As low mortgage rates and a healthy economy keep the housing market hot, the inventory of upper-end homes -- which brokers commonly define as those starting at $300,000 to $400,000 -- in Maryland and the nation is shrinking while prices are increasing.

Competition for these homes is fierce, and buyers who hesitate can be left out of the game.

Nancy Fullmer can attest to Baltimore's cutthroat market. She and her husband, John, have been looking for a house in the Roland Park, Mount Washington and Cedarcroft areas since June.

She worked with an agent until December but always got to homes too late.

"We've been second place time after time after time," Fullmer said. "It's emotionally frustrating. We'll find a place we love, and come to find out someone has already bid $5 [thousand] to $10,000 more than the asking price. It's more than I can bear."

They are moving from Annapolis because their children attend the Waldorf School in the Coldspring area. Fullmer recently retained another agent and hopes her odds of finding a home in the $200,000-to-$300,000 range will improve. If things don't work out soon, she might hang up her buyer's hat.

"With the market like it is, we're thinking it may be nuts to buy anything now," she said. "We should probably rent and hang out and see what happens."

A challenging market

Karen Bisbee, an associate broker at O'Conor, Piper & Flynn ERA in Greenspring, said buyers everywhere in the region are in a "difficult psychological place."
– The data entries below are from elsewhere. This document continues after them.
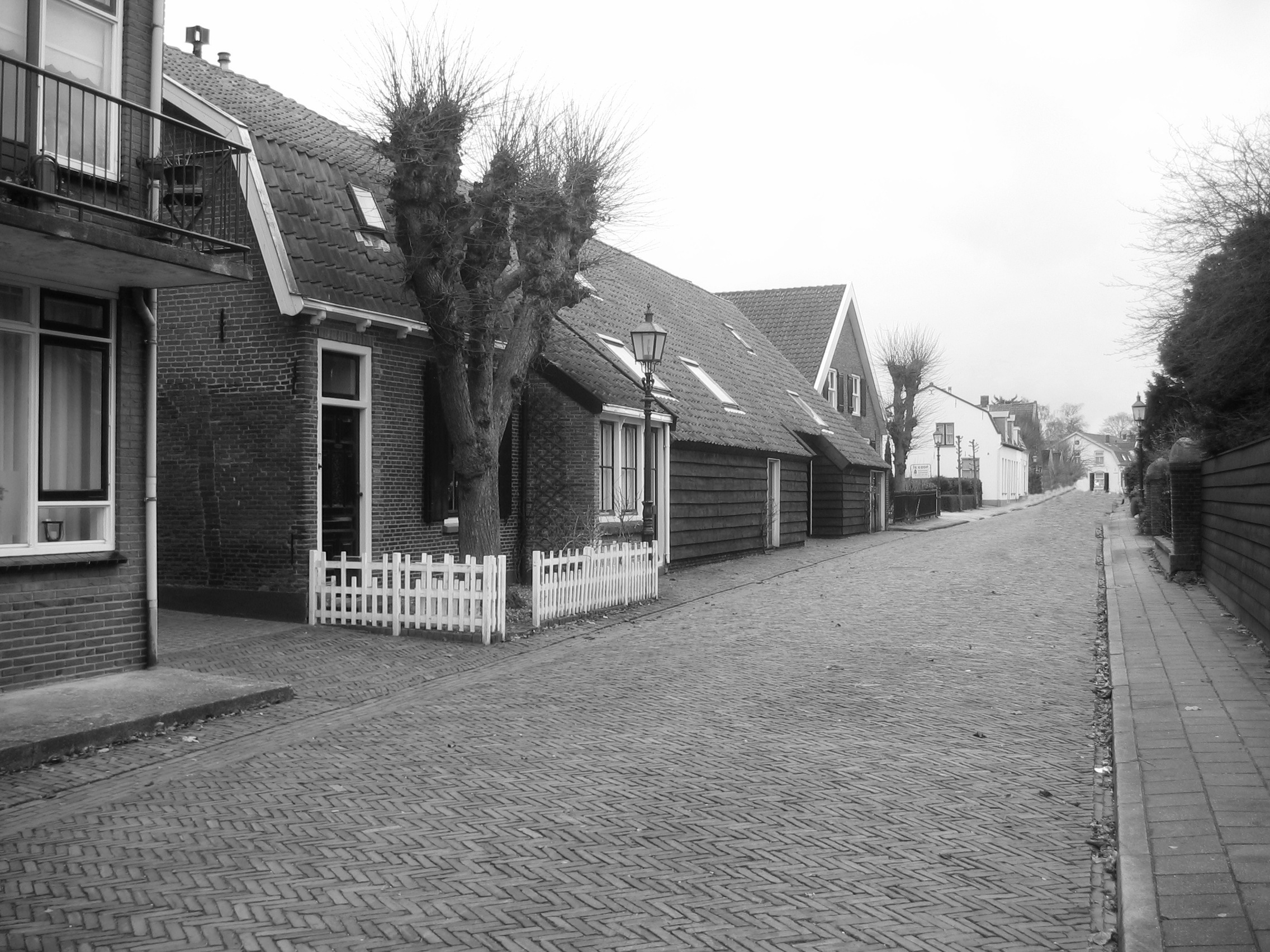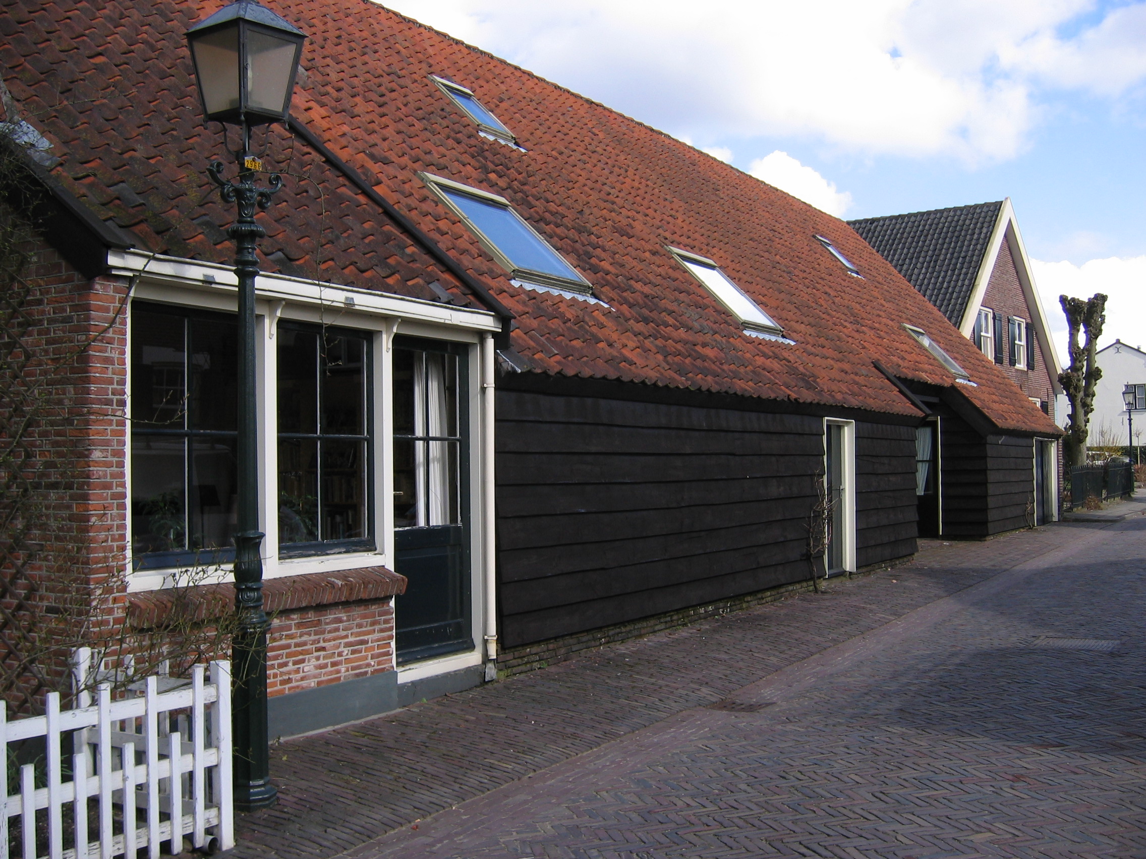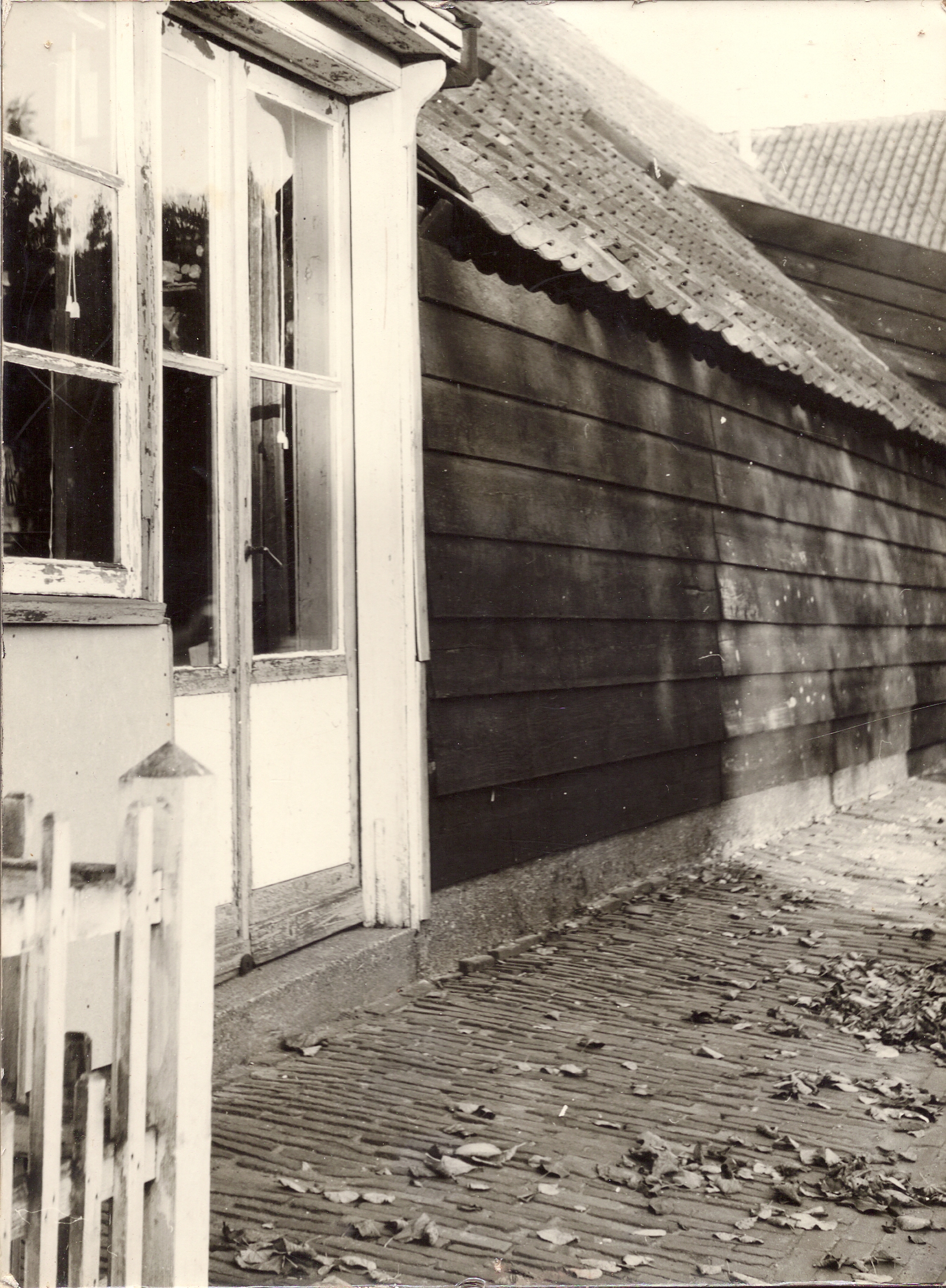 Oorspronkelijk een grote tabaksschuur met gepotdekselde wanden met een bakstenen voorhuis.Het dak van de tabaksschuur is links iets opgelicht. In dit gedeelte, dat twee vensters en een deur telt, heeft tientallen jaren een timmerwerkplaats gezeten.
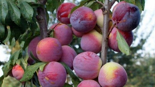 Шарафуга – это необычный гибрид, полученный от скрещивания сливы, абрикоса и персика. Название происходит от сочетания слов "шаРосслива" (слива + абрикос) и "неКтарин" (персик). Этот фрукт сочетает в себе лучшие качества своих "родителей": сочность абрикоса, сладость сливы и бархатистость персика. Хотя, многие питомники продают ее без названия сорта, просто Шарафуга. ✔ Устойчивость к болезням (реже болеет, чем персик).
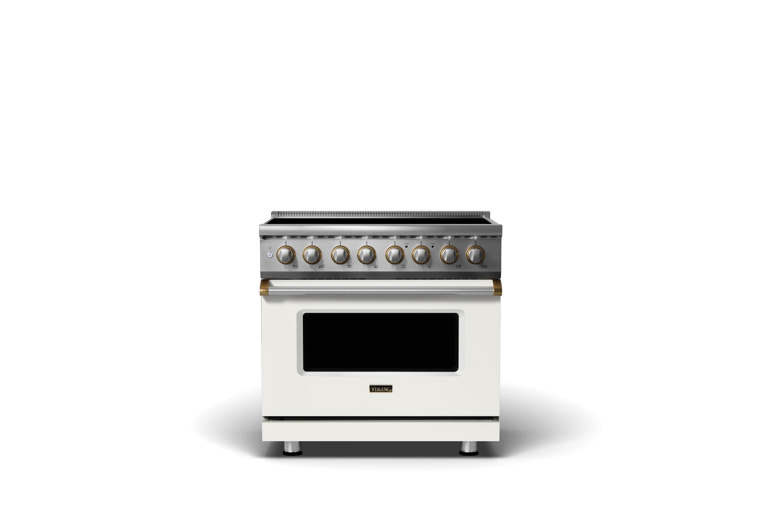 36"W. Induction Range {Finish=Pure White, Trim=Brushed Brass}
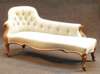 the buttoned back with foliate S scroll facings, the serpentine seat, on moulded cabriole legs with brass castors
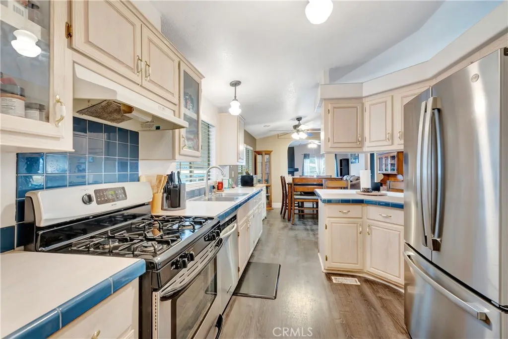 Welcome to one of the most desirable homes currently available in the community—this spacious 3-bedroom, 2-bath double-wide offers the largest floor plan on the market today under $300k, paired with a premium, private location. Ideally situated in the upper back corner of the park, this home enjoys a quiet, low-traffic setting with no rear neighbors. Instead, a beautifully landscaped greenbelt slope provides a serene backdrop and added privacy. The space behind the shed offers room for a patio table or seating area, perfect for relaxing or entertaining in a nice secluded setting. Inside, the home features an expansive and functional layout with abundant natural light throughout. The spacious living room flows seamlessly into a dedicated dining area, and then a separate family room with a cozy fireplace. The kitchen is centrally positioned with a breakfast bar & opens to both the living and dining spaces—ideal for everyday living and gatherings. The generously sized primary suite includes an en-suite bathroom with dual vanities, a large soaking tub, and a separate walk-in shower. There are two additional bedrooms. A convenient indoor laundry room with direct access to the carport adds to the home's functionality. Exterior was recently freshly painted, the home was leveled and pads replaced. Residents enjoy access to community amenities including a pool, spa, clubhouse, and billiards room—offering both relaxation and recreation just steps from home. A rare opportunity to own one of the largest and best-located homes in the community—combining space, privacy, and comfort in one exceptional offering.
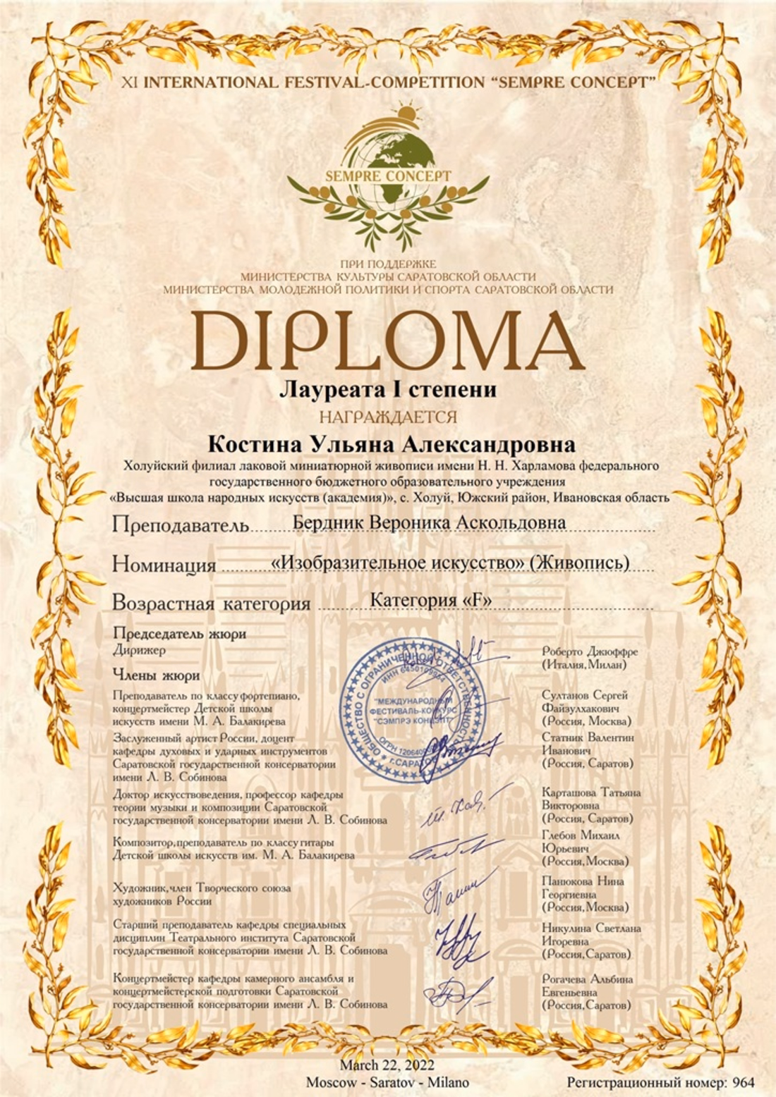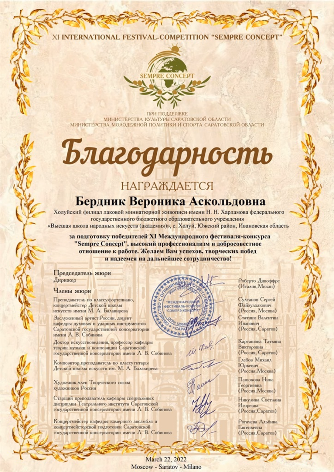 В Марте 2022г. при поддержке Министерства культуры и министерства молодёжной политики и спорта Саратовской области проходил XI Международный фестиваль-конкурс "Sempre Сoncept". По итогам конкурса студенты 2 курса СПО (ЛМЖ) стали победителями в двух возрастных категориях: Мольков Родион Александрович - Лауреат I степени (возраст. кат. E) Костина Ульяна Александровна - Лауреат I степени (возраст. кат. F). Благодарность за подготовку победителей, грамотную и высокопрофессиональную работу получил преподаватель Рисунка и Живописи БЕРДНИК ВЕРОНИКА АСКОЛЬДОВНА.

"[Buyers are] coming in pre-approved, so they are not having to complicate offers by making the sale contingent on securing a mortgage," she said. "Many of these buyers have bid aggressively, and over the asking price, on one or more houses, and they walk away shaking their heads because despite their most aggressive position, they still don't walk away victorious."

Competition for high-end homes is especially stiff, but more moderately priced properties in popular Baltimore neighborhoods such as Guilford, Homeland, Canton, Federal Hill and Fells Point are more in demand than they've been in a decade, said Marc Witman, president of the Greater Baltimore Board of Realtors.

"The city market has been the weakest of the regional markets, and we're seeing a definite reversal of trend there," said Witman, who is also an associate broker at Long & Foster Real Estate Inc. in Greenspring. "There's no question this is the hottest market we've had in over 10 years."

It's not just in the city. Joan Tully, an agent with Re/Max Columbia, said that in Howard County sales of homes in the $300,000-to-$500,000 range are stronger than they've been since the early 1980s.

Short inventory

"Homes that would normally come on the market and sit for four to six months are selling in two to three weeks," she said. "In that range there is a shortage of inventory."

In March 1997, 22 homes were for sale in the city in the $400,000-to-$499,000 range, according to Metropolitan Regional Information Systems Inc., which tracks listings and sales by Realtors. This March there were two.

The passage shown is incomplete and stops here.